The recovery will probably take hold in the next year or so - except for the folks who have been out of work for more than six months. Unless some bright idea comes out of Congress (I know, I know), these folks are likely to become a permanent underclass, something that's been plaguing portions of Europe for years but which up to now has been almost unheard of in the U.S. And of course the longer they are out of work, the harder it is to get hired. NYT reports that people who are jobless for fewer than five weeks are more than three times as likely to find a job in the coming month than people who have been out of work for over a year.
"I am so worried somebody will look at me and say, 'Oh, he's probably lost his edge,' " said Tim Smyth, 51, a New York television producer who has been unable to find work since 2008, despite having two decades of experience at places like Nickelodeon and the Food Network. "I mean, I know it's not true, but I'm afraid I might say the same thing if I were interviewing someone I didn't know very well who's been out of work this long."
Personnel managers say they're more willing than usual to give an out-of-work applicant the benefit of the doubt, but as the Times notes, old habits die hard, especially because this block of long-term jobless is actually smaller than those who were unemployed in previous recessions.

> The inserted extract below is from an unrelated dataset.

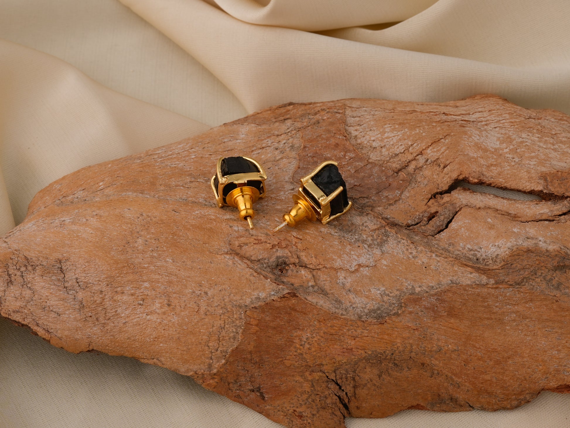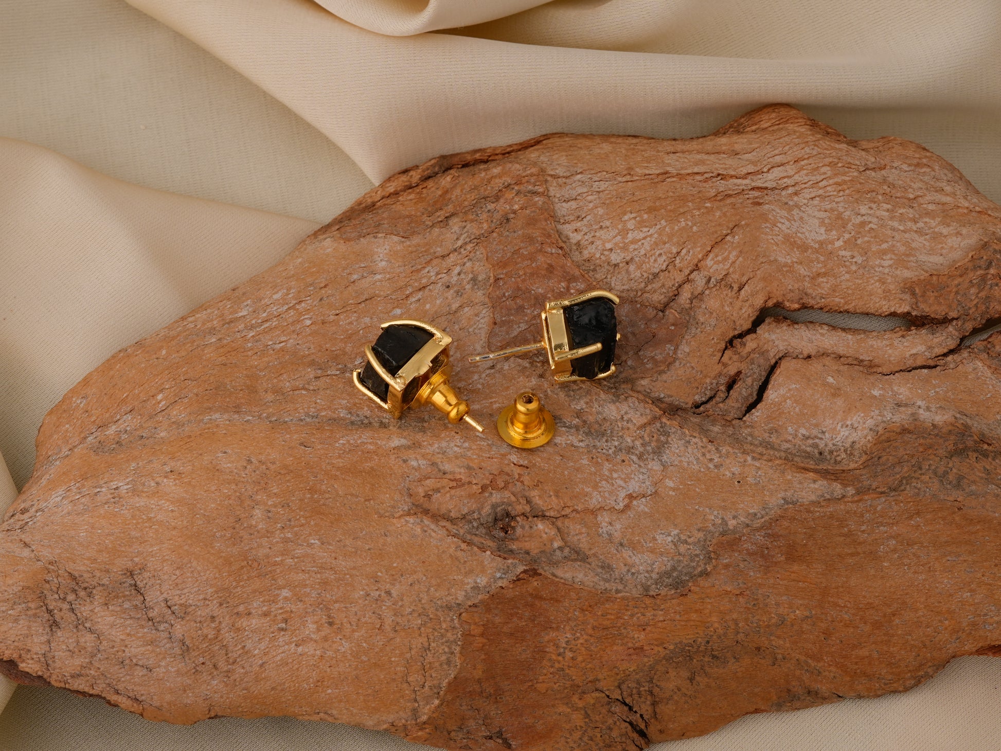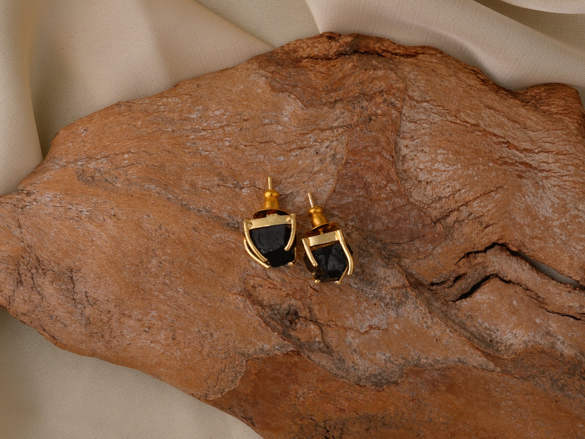 Natural Black Onyx Studded In Gold Plated brass

Though economists generally agree that getting the long-term unemployed back to work as quickly as possible is necessary to keep people from becoming totally unemployable, the mechanism to do so is unclear. Most forms of stimulus try to create business conditions that foster the nation's output growth, which encourages companies to hire. Output has been growing only slowly, however, and has not stoked much job creation. There have also been other indirect incentives, like a small tax break for hiring unemployed workers, but as yet their effectiveness is unknown. Direct employment programs -- like the public works projects of the New Deal era and World War II -- might be the fastest way to put people back to work, economists say. But those raise concerns of crowding out businesses and displacing other workers. Besides, such proposals, which smack of socialism to some, seem politically unfeasible at the moment.